I am trying to add following comments to answer posted on one of my questions, but the site not allowing me to :
Request you to kindly help with the same
Hi @srbose-msft ,
Thanks for your response. The reason why I wanted to deploy a second instance of gatekeeper was to keep the developer experience intact, where they can still deploy their policies to a K8s cluster using kubectl like they do with other K8s systems currently. Additionally this also allows us to keep the overall policy solution as much as cloud/platform agnostic, as possible. We operate a multi cloud/on-prem infrastructure for K8s.
So I went ahead and deployed a new instance of Gatekeeper (after updating the existing webhook with
--exempt-namespace arg). However when trying to apply a "constraint template" , I still get following error :
admission webhook "byovalidation.policy.azure.com" denied the request: This cluster is governed by Azure Policy. Policies must be created through Azure.
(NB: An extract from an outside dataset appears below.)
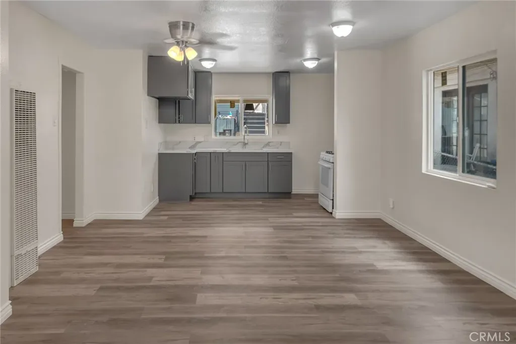 Courtesy of Wedgewood Homes Realty. Disclaimer: All data relating to real estate for sale on this page comes from the Broker Reciprocity (BR) of the California Regional Multiple Listing Service. Detailed information about real estate listings held by brokerage firms other than James Outland include the name of the listing broker. Neither the listing company nor James Outland shall be responsible for any typographical errors, misinformation, misprints and shall be held totally harmless. The Broker providing this data believes it to be correct, but advises interested parties to confirm any item before relying on it in a purchase decision. Copyright 2026. California Regional Multiple Listing Service. All rights reserved. The front portion of the property features a combination of grass lawn and a paved area that can be used for parking. A raised porch leads into the main home, where a clean, modern interior opens to a connected living, dining, and kitchen area. The kitchen has been updated and includes in-unit laundry along with direct access to the exterior. Two bedrooms and a fully updated bathroom complete the interior.

The above error is coming from custom azure webhook
azure-policy-validating-webhook-configuration. It seems likely that this webhook rejects any policies that are not coming in through Azure policy portal. Is that correct ?
According to K8s doc, it says that one can definitely have more than one validating webhooks deployed in the same cluster, but for a request to be allowed, all validating webhooks would need to reply with either "allow" or "I don't know". However, In our case, since one webhook would always reject the request, the whole request would always get rejected.
I understand that disabling the policy add-on for AKS as a whole would allow us to achieve what we are looking for, but we would like to avoid that option if possible.